Caching isn't always the answer. Here's when it provides little or no benefit:

  • Unique prompts every time. If every request has completely different content, there's no common prefix to cache.
  • Very short prompts. If your total input is under 1,024 tokens, most providers won't cache it.
  • Infrequent requests. If you send fewer than 2-3 requests per cache TTL window (5-10 minutes), you won't get cache hits.
  • Constantly changing system prompts. If you A/B test different system prompts frequently, each variant needs its own cache.

Beyond Provider Caching: Application-Level Strategies

Provider-level caching handles repeated prefixes, but you can go further:

Response caching

If two users ask the same question, the response will be identical. Cache the response at the application level (in Redis, Memcached, or even a database) and serve it without making an API call.

Semantic caching

Use embeddings to find semantically similar queries. If someone asks "How do I sort a list in Python?" and another asks "How to sort array in Python?", the response is the same. Semantic caching matches these even when the exact wording differs.

Prompt compression

Reduce the size of your system prompt. Every token you remove from the system prompt saves money on every single request. Use concise instructions, remove redundant examples, and compress verbose tool descriptions.

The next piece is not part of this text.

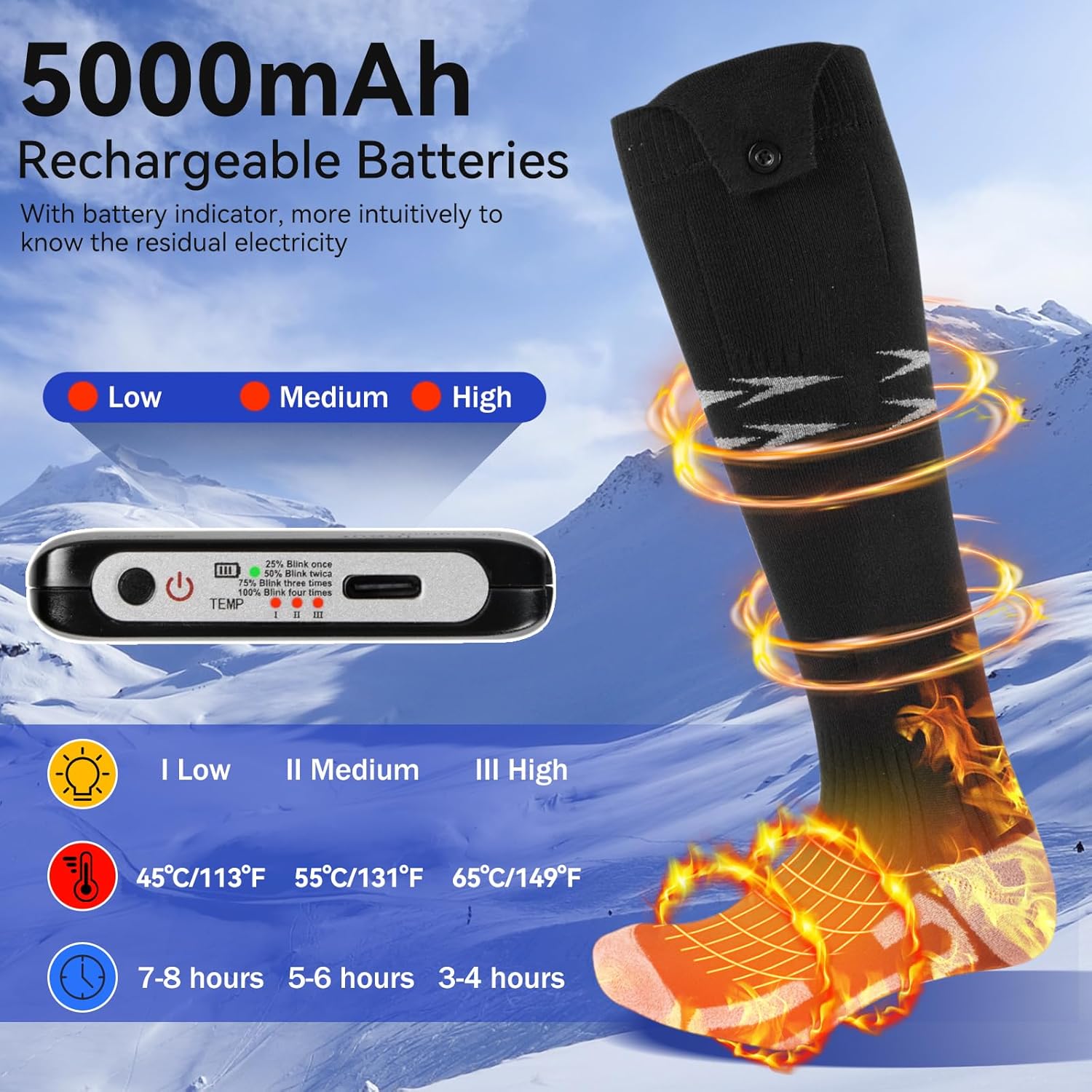 - 3 Heating Levels: Included three adjustable heating levels in our socks. This feature allows you to customize the temperature to your exact preference, enhancing your comfort during use. The three levels range from a comfortable 45°C/113°F, perfect for chilly mornings, to a high heat of 65°C/149°F, ideal for extremely cold weather or night-time adventures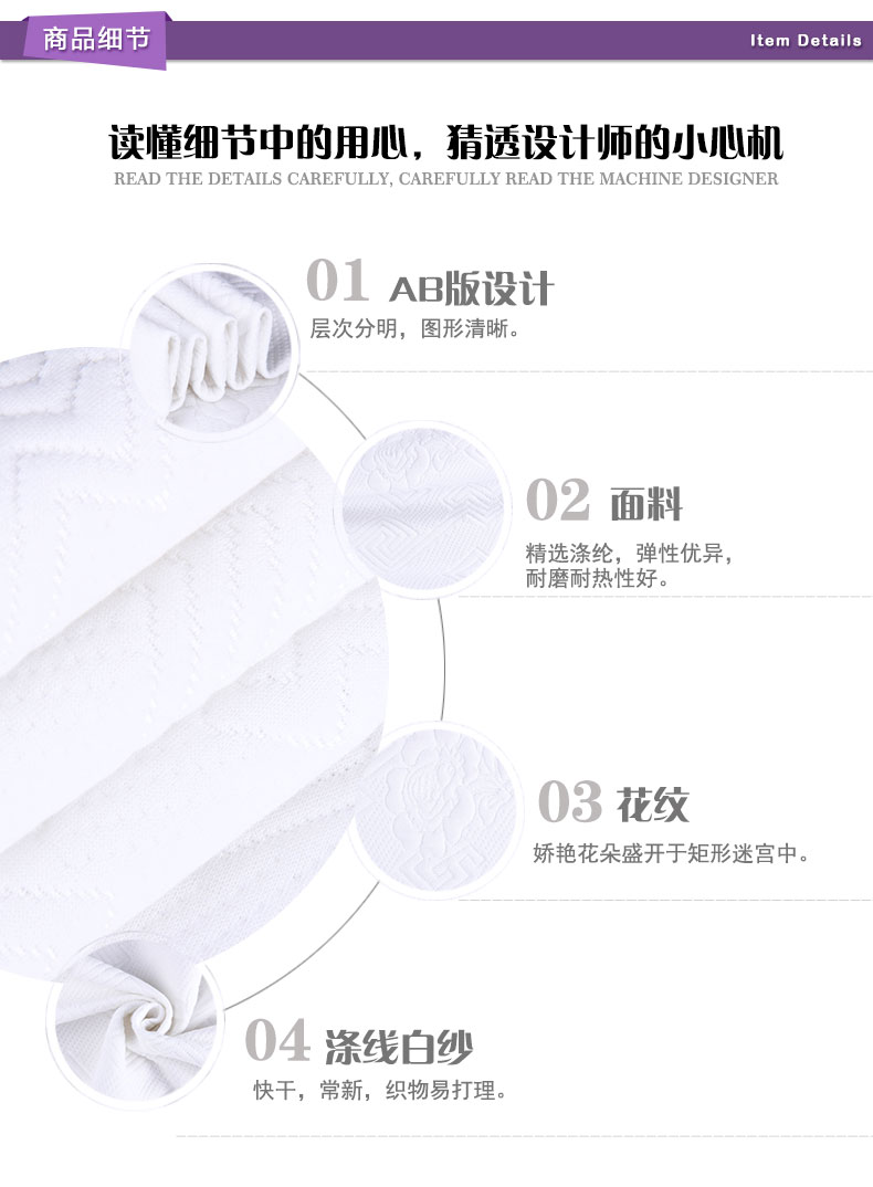 商品描述: 涤线白纱,柔软舒适,洁净易打理;漫步在迷失方向的花园里,享受就好

Calculate how much you'd save with caching

Open Cost Calculator

The Bottom Line

Prompt caching is the single most impactful cost optimization available to AI API users. It requires zero code changes on most providers, and the savings compound with every request. If your application sends the same system prompt more than three times, you're leaving money on the table.

Start by measuring your current costs. Then structure your prompts with stable content first, variable content last. The savings will follow.

Pricing sourced from official provider documentation (May 2026). Cache TTL, minimum lengths, and pricing may change. Always verify current rates on the provider's pricing page. DeepSeek V4 Pro pricing reflects the 75% promotional discount valid until May 31, 2026.